WHAT IS REQUIRED:
The lines below, from the one containing "如果我们回顾几年前的4000" through the one containing "新大久保車站周邊的商業設施較", should be set down exactly, with no pictures and nothing else.
╭─ PROVIDED MATERIAL
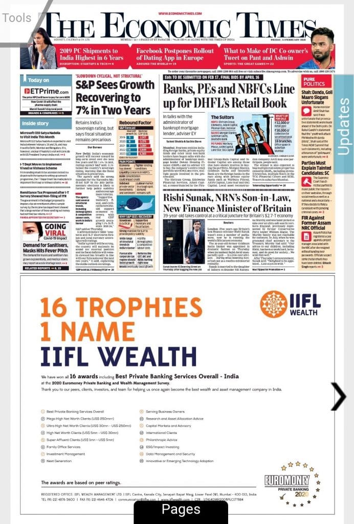 Economic Times offers some hope on the economy: rating agency S&P predicts that India’s economic growth will recover and hit 7.4 per cent in 2022. Also, 14 companies including foreign banks, private equity funds and other local non-bank lenders, are now “lining up” to buy bankrupt mortgage lender Dewan Housing Finance’s “entire retail portfolio worth Rs 32000 crore”. There’s also a small item about Microsoft CEO Satya Nadella’s visit to India this month, which might or might not coincide with US President Donald Trump’s visit.
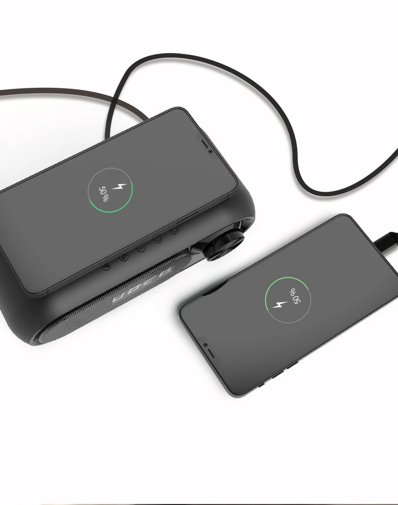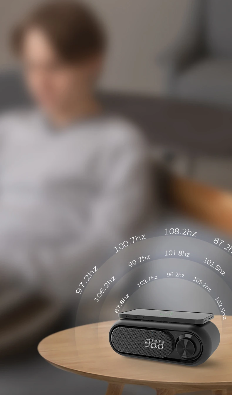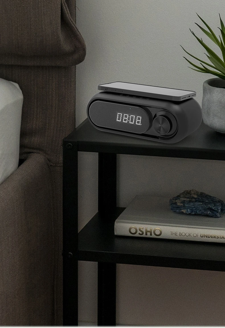 Carga inalámbrica de audio Bluetooth multifunción, puede cargar dos teléfonos móviles al mismo tiempo, reloj despertador, radio, efecto de sonido EQ, BASS, llamadas manos libres.
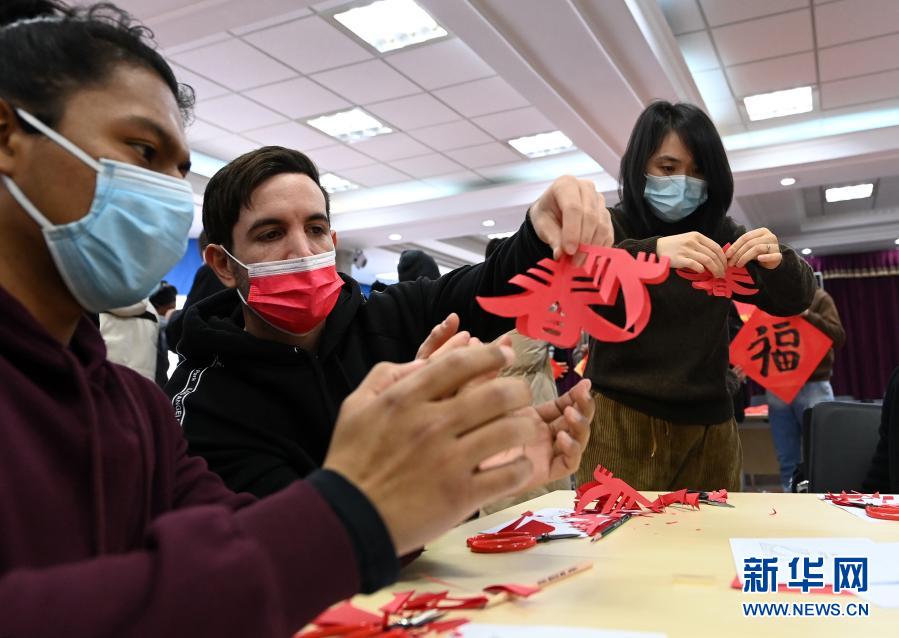2月4日,外國留學(xué)生學(xué)剪“春”字窗花。
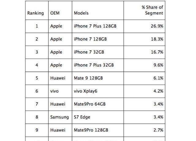 如果我们回顾几年前的4000元以上手机销量排名,基本上是苹果三星霸占榜单,国产手机少有能进入到榜单之内。而在去年第一季度Counterpoint的报告中,国产手机在4000元以上销售排名中前六名就开始冒头,占了2款,分别是华为mate9与vivo Xplay6(如下图),今年占了3款,国产手机在中高端市场这种上行的势头已经非常明显。
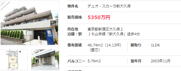新大久保車站周邊的商業設施較多,目前沒有新建公寓項目。一套建筑年代為2003年的二手房,距車站步行4分鐘,面積為46.74㎡,1LDK的售價為5350萬日元。
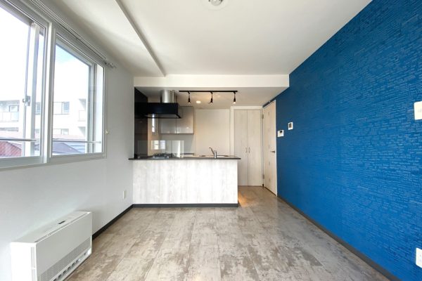 リビングは目を惹くブルーのアクセントクロスが印象的で、ナチュラルグレーのフロアと調和し、落ち着きと個性を感じるデザインです✨
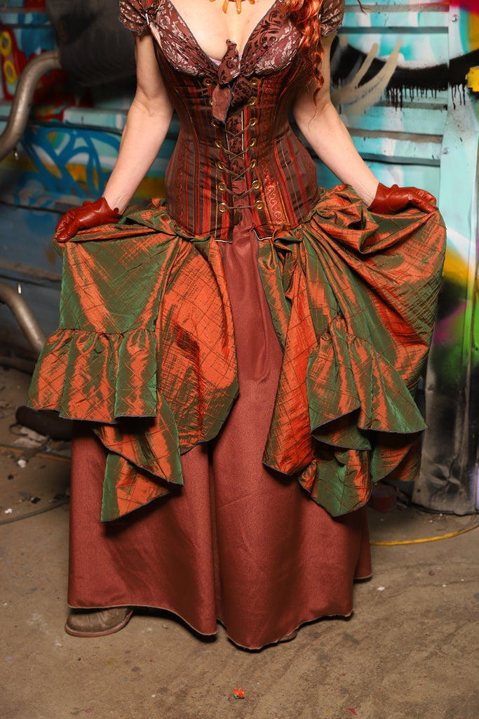 27. Split Front Skirt w/ruffle in Two Tone Tangerine & Green Pintuck - The "Ensembled in Embers" Collection
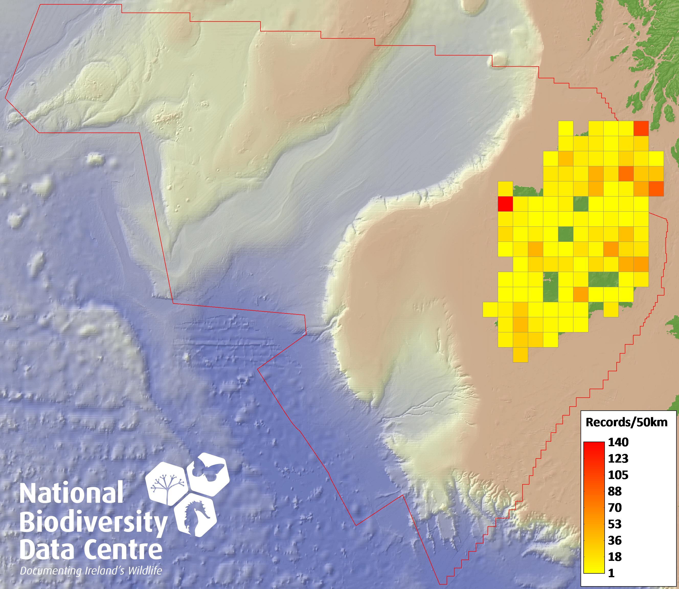 Distribution of the number of records recorded within each 10km grid square (ITM).Marine Map - 50km
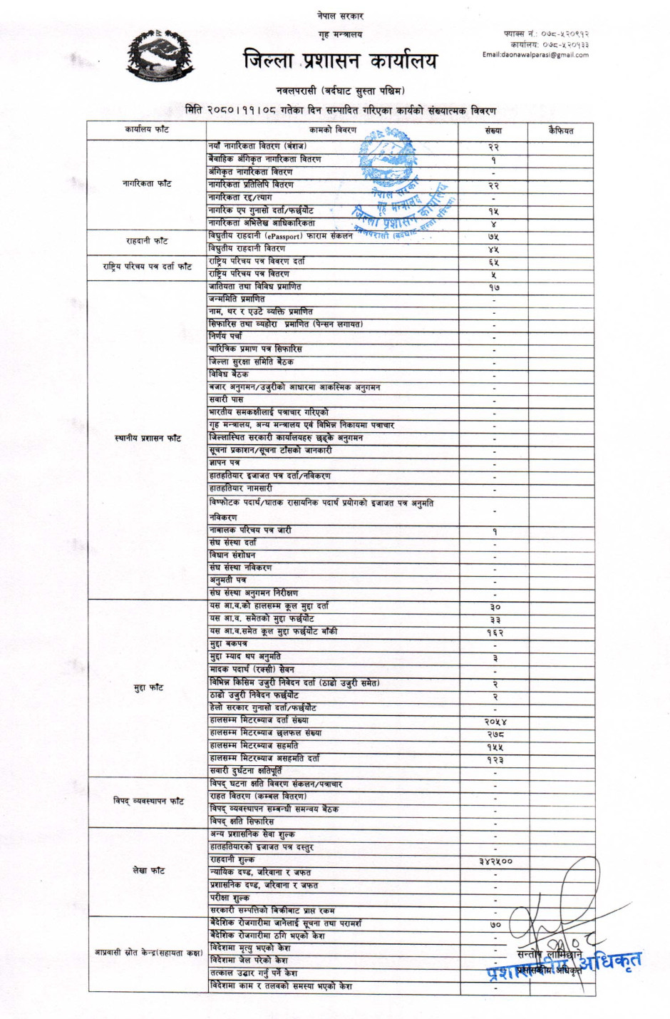 तस्बिर : मिति २०८०।११।०८ गतेका दिन सम्पादित गरिएका कार्यको संख्यात्मक विवरण
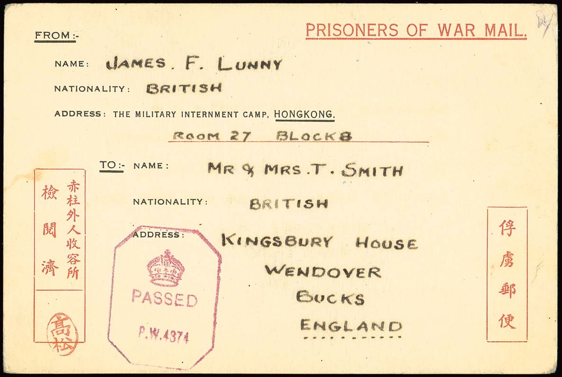 1944 (Apr.) Prisoners of War Mail card from James Lunny to his friends in Wendover, Bucks., with the new Military Internment Camp imprint but still with the incorrect Japanese censor text, bearing Takamatsu seal and British censor handstamp "P.W. 4374" in mauve; pencil on the reverse, "Received July 19 1945". The writer notes that letters 3, 4 and 6 had arrived. Tett fig. 4-5-13. Photo
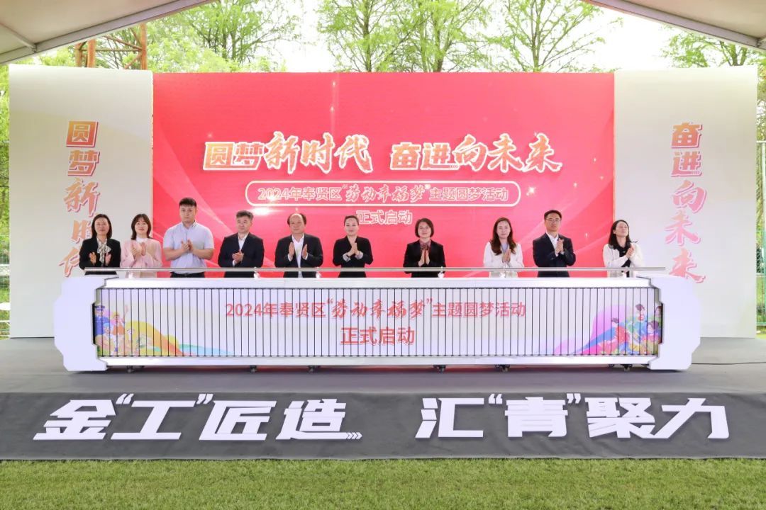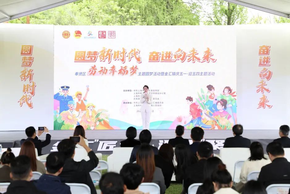 为深入学习贯彻落实党的二十大精神,在全社会弘扬劳动精神、奋斗精神、奉献精神、创造精神和勤俭节约精神,培育时代新风新貌,礼赞劳动美,致敬奋斗者。4月29日下午,“圆梦新时代 奋进向未来”奉贤区劳动幸福梦主题圆梦活动暨金汇镇庆五一迎五四主题活动在申亚森林足球营地举行。 第一篇章:致敬·岁月荣光 《永续匠心 万物芳华》 先进典型面对面 荣获市级及以上先进的集体和个人受到表彰。 第二篇章:传承·匠“新”之志 启动仪式 2024年奉贤区“劳动幸福梦”主题圆梦活动启动。 朗诵《赞工匠精神,做时代青年》 小品《爱路护路 畅安舒美》 第三篇章:奋斗·青春梦想 《Young气汇客厅》 青年岗位建功授旗 为青年岗位建功代表授旗。 宣读倡议 舞蹈《唐印》 活动现场还准备了部分金汇镇食品企业产品和金汇十二味农产品展示,供大家品尝。 表彰先进典型 彰显榜样力量 奉贤青年们定会 以劳模工匠为榜样 以“满分状态”坚持自立自强 在日复一日的“精益求精”中 始终保持 “践行初心 担当使命”的“精气神” 让奋斗的青春焕发绚丽的光彩
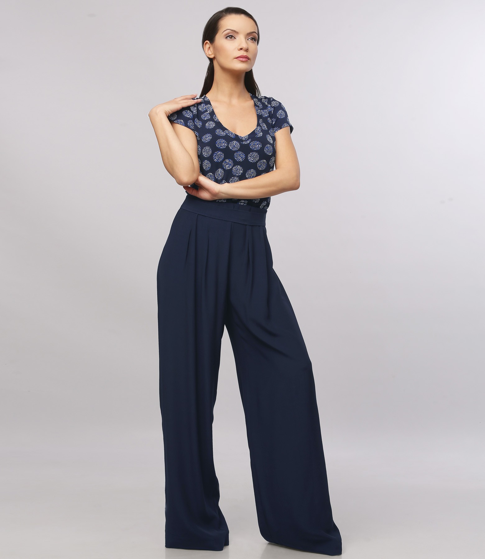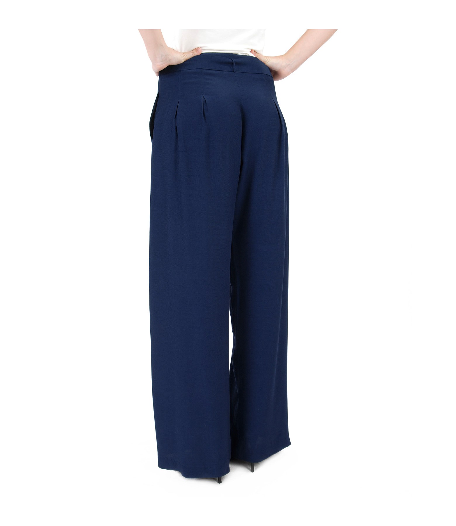 Viscose pants, with front and back folds, with removable waist belt and side pockets. Closes with hidden zipper on the side.
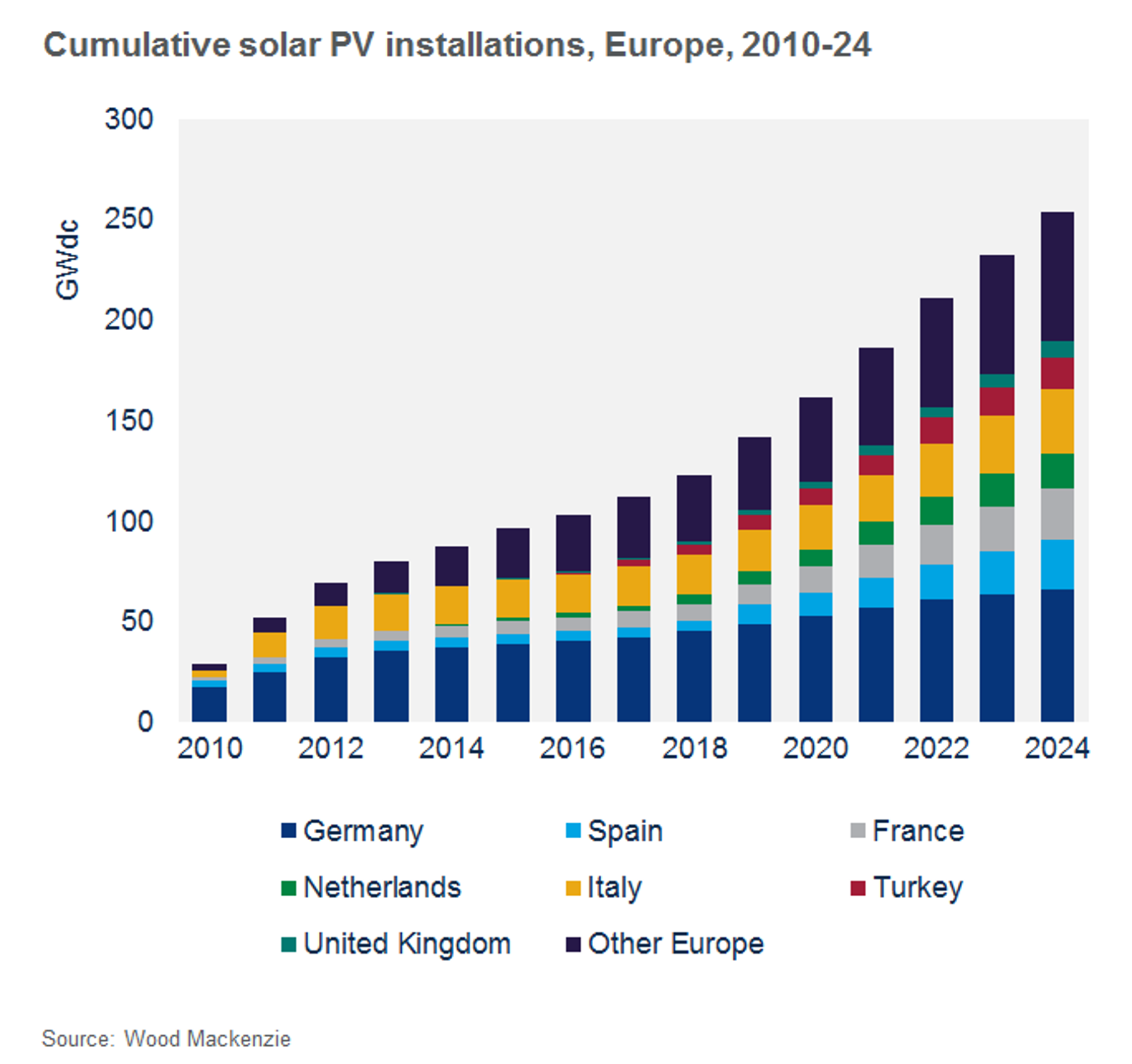 New solar installations within the European market will double in the next 3 years to reach a level of approximately 20GW/year. Total installed capacity in the region will surpass 250GW by 2024, according to new research from Wood Mackenzie Power & Renewables.
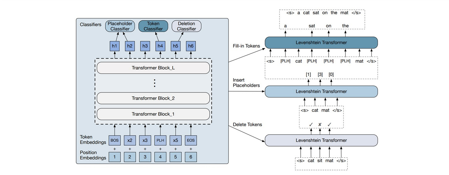 Levenshtein Transformer [3] is a partially autoregressive model that addresses the pre-existing architectures' lack of flexibility. Trained using imitation learning, it has two policies, Insertion and Deletion, executed alternately.
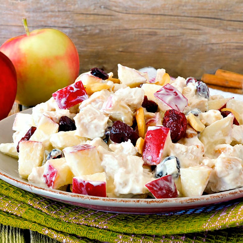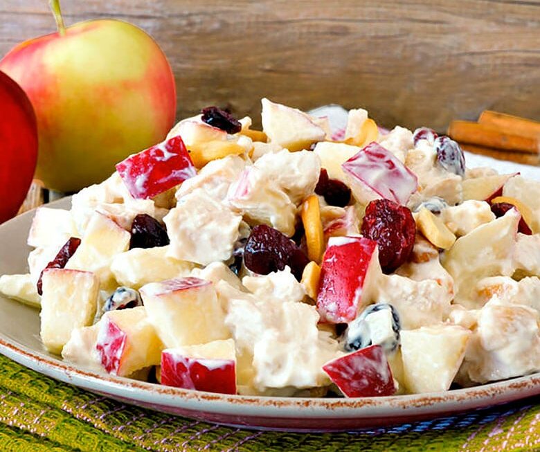 Esta ensalada de pollo con manzana y yogur es muy sencilla y se prepara en pocos minutos. La vinagreta de yogur le aporta un toque fresco muy original.
╰─
ANSWER BOX:
 如果我们回顾几年前的4000元以上手机销量排名,基本上是苹果三星霸占榜单,国产手机少有能进入到榜单之内。而在去年第一季度Counterpoint的报告中,国产手机在4000元以上销售排名中前六名就开始冒头,占了2款,分别是华为mate9与vivo Xplay6(如下图),今年占了3款,国产手机在中高端市场这种上行的势头已经非常明显。
新大久保車站周邊的商業設施較多,目前沒有新建公寓項目。一套建筑年代為2003年的二手房,距車站步行4分鐘,面積為46.74㎡,1LDK的售價為5350萬日元。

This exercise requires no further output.